Records from a collection

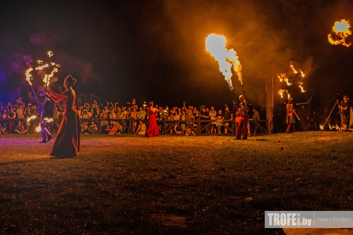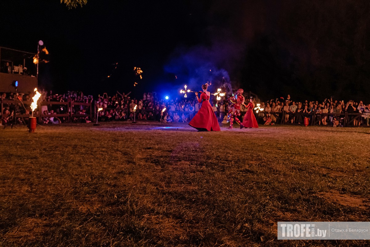 Так как нам надо было возвращаться в Минск на первой части фестиваля мы провели часа два и около 16:00 выдвинулись обратно в город. Вернуться на фестиваль мы планировали к началу самой зажигательной его части – фестивалю огненных театров. Но что-то пошла не так: мы приехали к 22:40 и застали только последний номер (выступление огненного цирка Kresiva), который с наступлением темноты смотрелось невероятно эффектно.
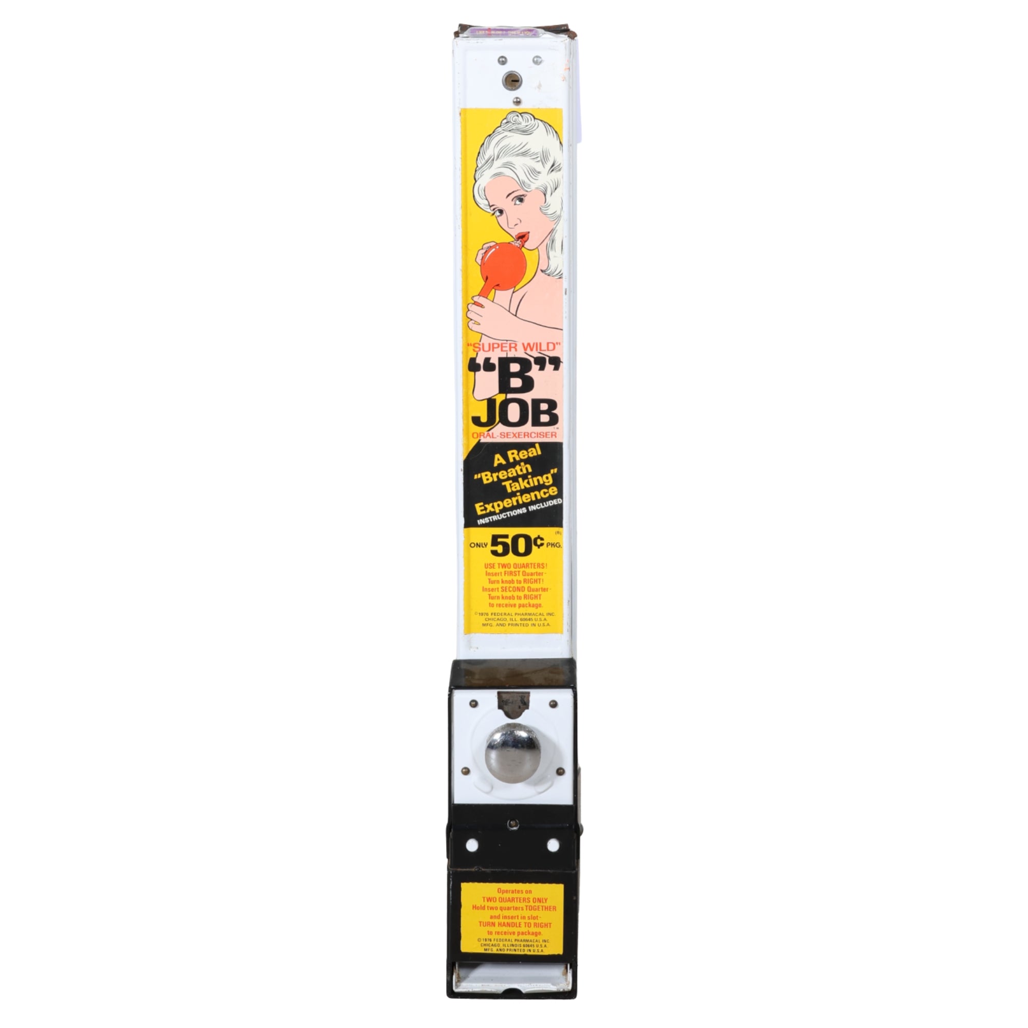 A wonderfully cheeky piece of vintage novelty history. This coin-operated “Super Wild B Job” machine was originally designed as a tongue-in-cheek adult gag dispenser, featuring bright pop graphics and bold retro typography that perfectly capture the humor and kitsch of the era.
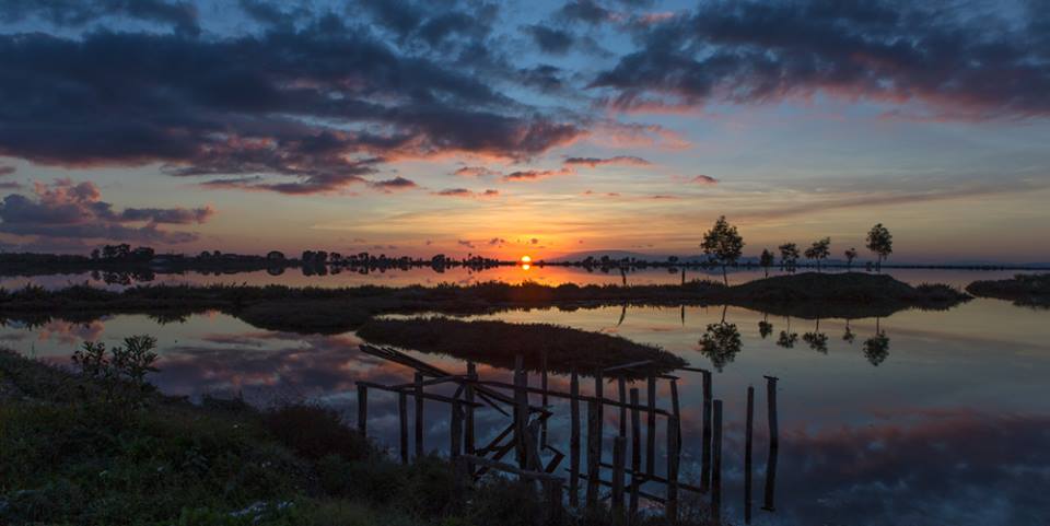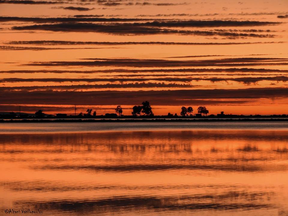 ουρανό με ταυτόχρονες εντυπωσιακές ανακλάσεις στα ήρεμα νερά της λιμνοθάλασσας
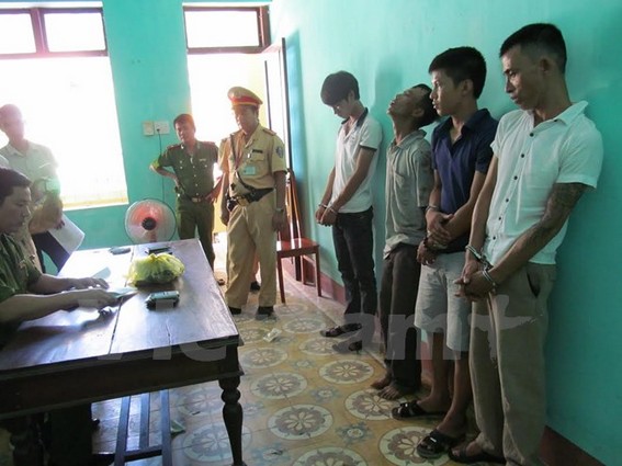 Các đối tượng bị bắt được đưa về cơ quan công an. (Ảnh: Nguyễn Đức Thọ/Vietnam+)
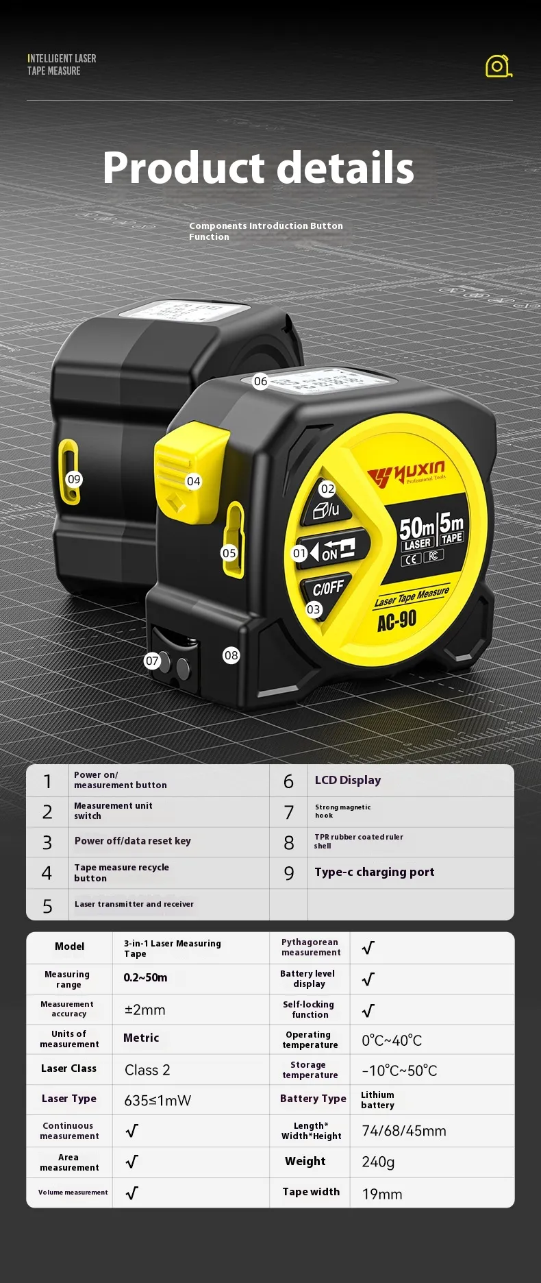 Measuring range: 0-50m
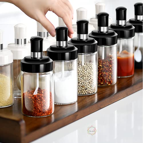 - <li>حافظ على التوابل طازجة بجودة فاخرة، زجاج من الدرجة التجارية: برطمانات زجاجية للتوابل عالية الجودة وشديدة التحمل. البرطمان الزجاج آمن للوضع في غسالة الأطباق. افتح الغطاء المرفق بالمعلقة واستخرج التوابل بسهولة. يمكن استخدامه كموزع للسمن وموزع للعسل وموزع للزيت.
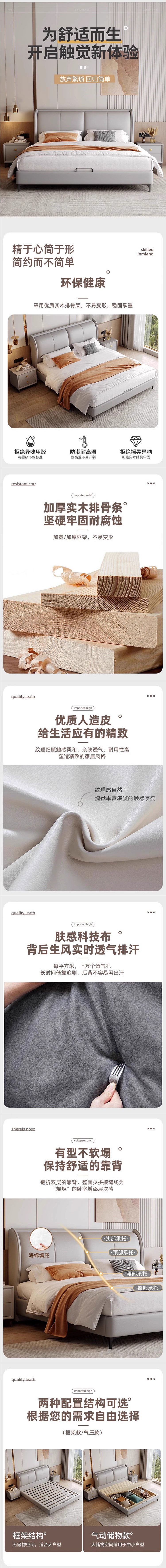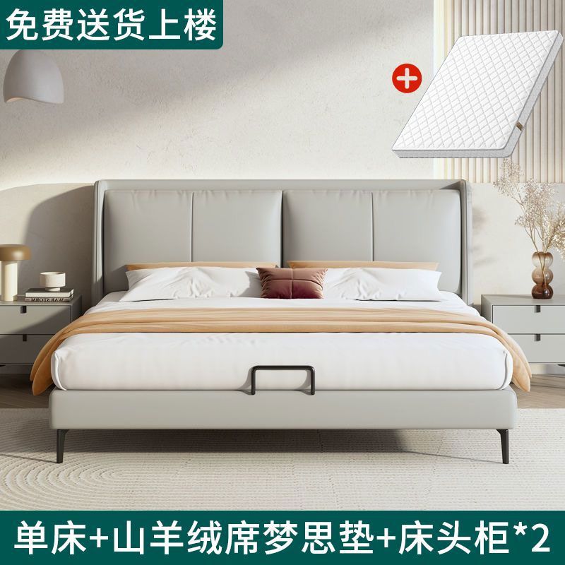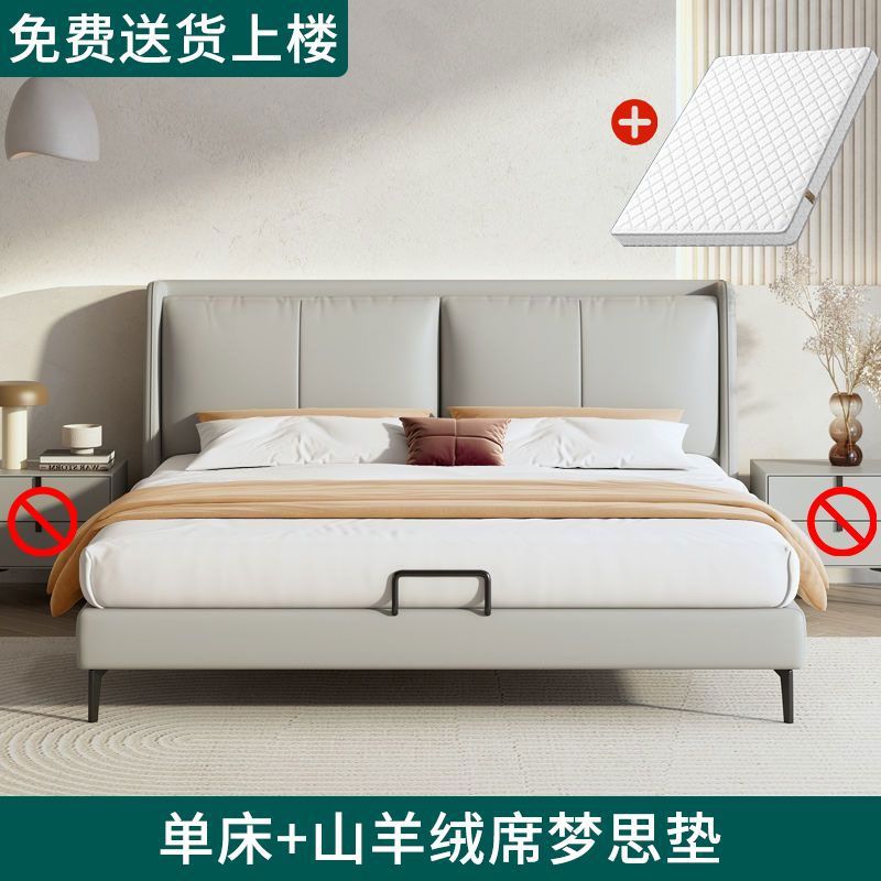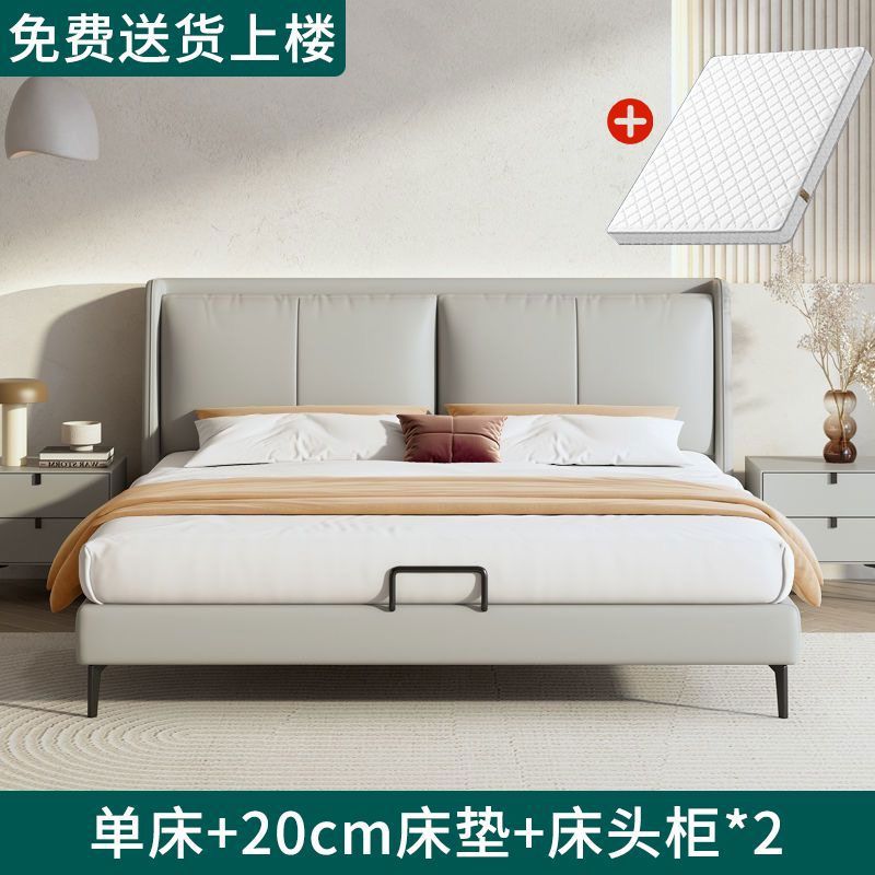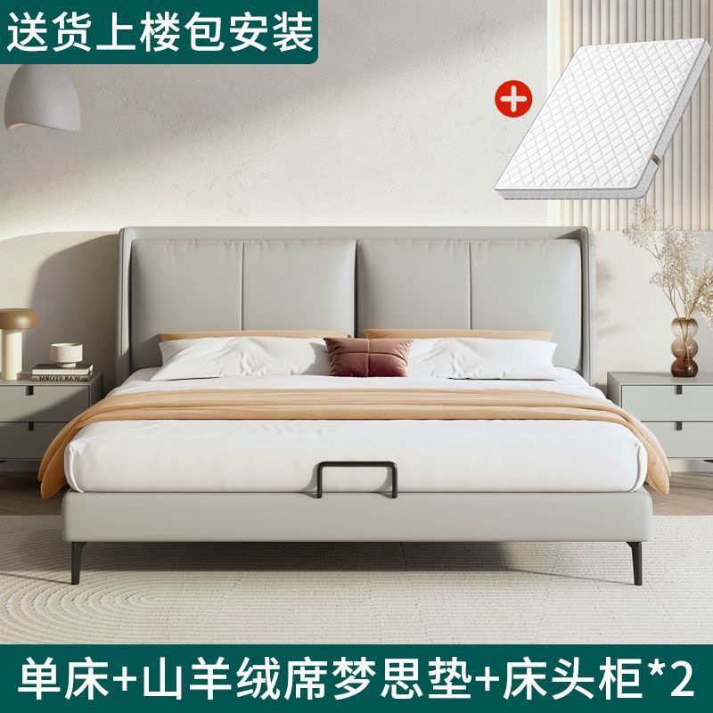 이탈리안 라이트 럭셔리 부드러운 가죽 원목 침대 더블 1.8m 마스터 침실 1.5m 더블 침대 경제적인 고가치 가죽 침대스토어 가기
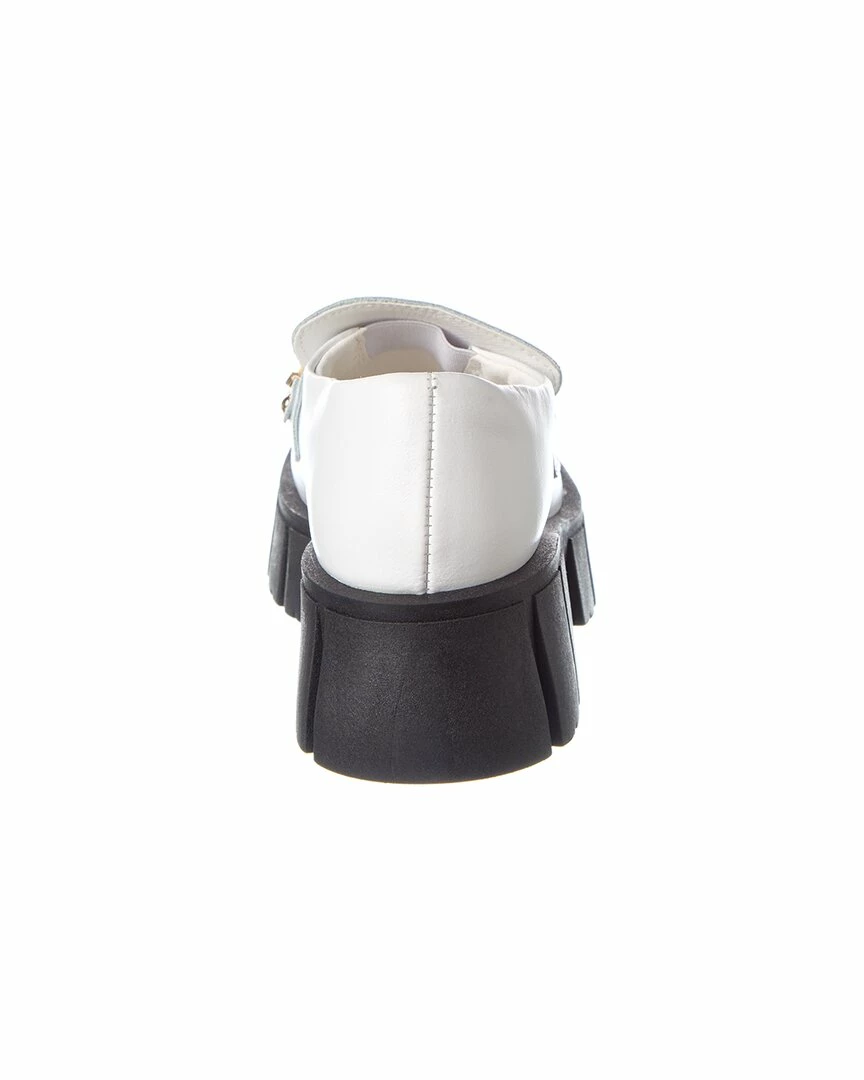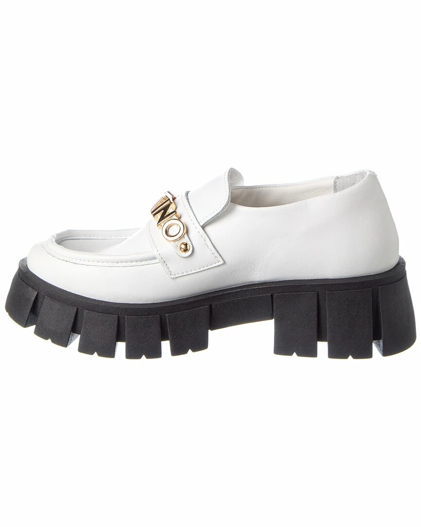 - Elettra Leather Loafer in white leather and gold-tone hardware with logo lettering strap
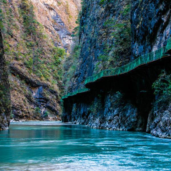 乘车至巴拉村(路程16.5公里,所需时间40分钟左右)、体验千年部落巴拉村(1个小时左右)、乘车至崖咱(20分钟左右)游香格里拉大峡谷(5公里栈道、游玩全程大概所需1小时),至栈道终点可以选择原路返回至崖咱停车场乘车至通天峡,或选择漂流返回至2号码头乘车至通天峡(悬空栈道700米,40分钟左右),乘车返回。
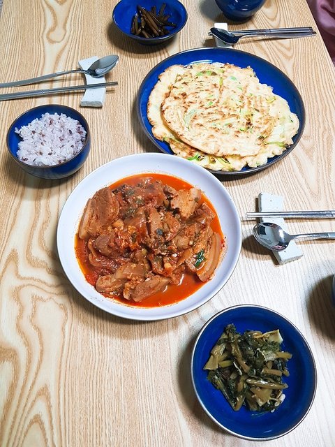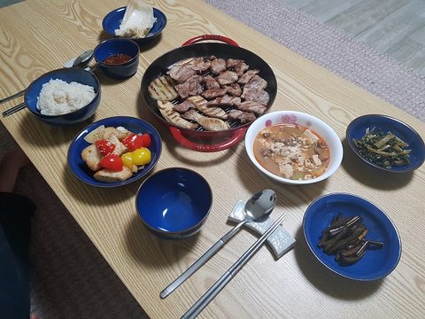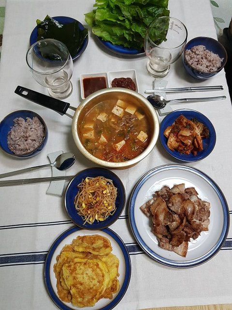 삼겹살 굽고 된장찌개 끓이고 동태전 구워서 친구에게 대접했던 밥상입니다.
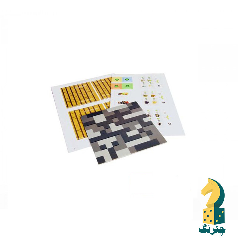 قطعات: صفحه بازی, کاشی مقوایی, مهره های پلاستیکی
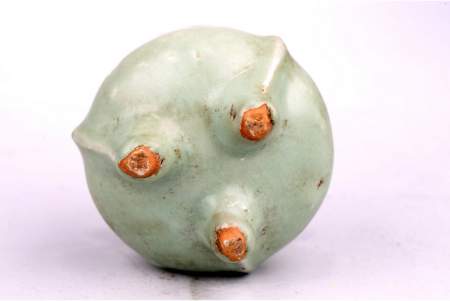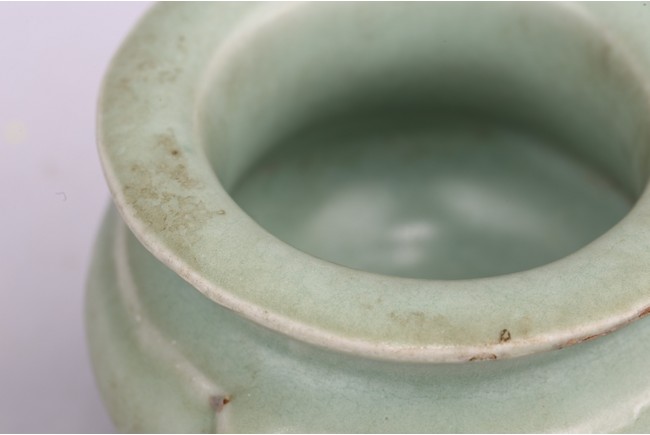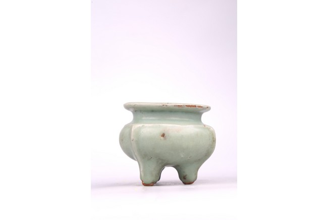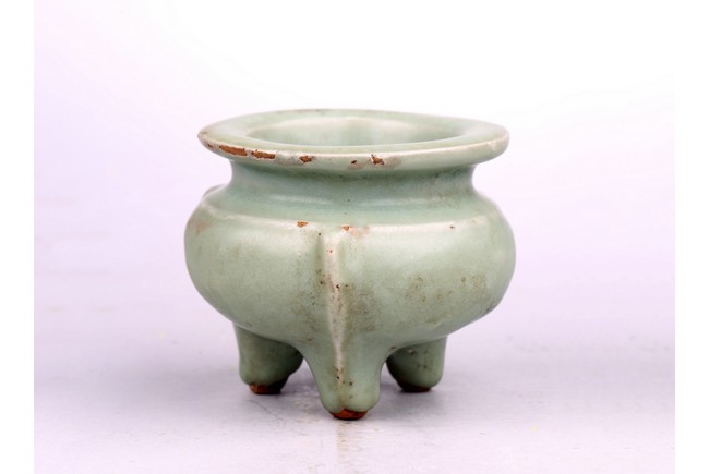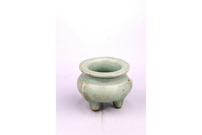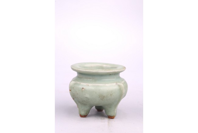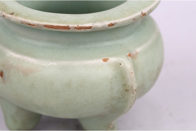 The compressed body is well potted and raised on three slightly splayed legs with narrow flanges. The censer is covered overall with a soft green glaze stopping above the tips of the feet. Song Dynasty period.

*Exercise objective:* Your task is to transcribe, exactly and without additions, every line from the one that contains "- Elettra Leather" to the end of the entries above, both included. Omit all pictures.

*Output for this task:*
 - Elettra Leather Loafer in white leather and gold-tone hardware with logo lettering strap
 乘车至巴拉村(路程16.5公里,所需时间40分钟左右)、体验千年部落巴拉村(1个小时左右)、乘车至崖咱(20分钟左右)游香格里拉大峡谷(5公里栈道、游玩全程大概所需1小时),至栈道终点可以选择原路返回至崖咱停车场乘车至通天峡,或选择漂流返回至2号码头乘车至通天峡(悬空栈道700米,40分钟左右),乘车返回。
 삼겹살 굽고 된장찌개 끓이고 동태전 구워서 친구에게 대접했던 밥상입니다.
 قطعات: صفحه بازی, کاشی مقوایی, مهره های پلاستیکی
 The compressed body is well potted and raised on three slightly splayed legs with narrow flanges. The censer is covered overall with a soft green glaze stopping above the tips of the feet. Song Dynasty period.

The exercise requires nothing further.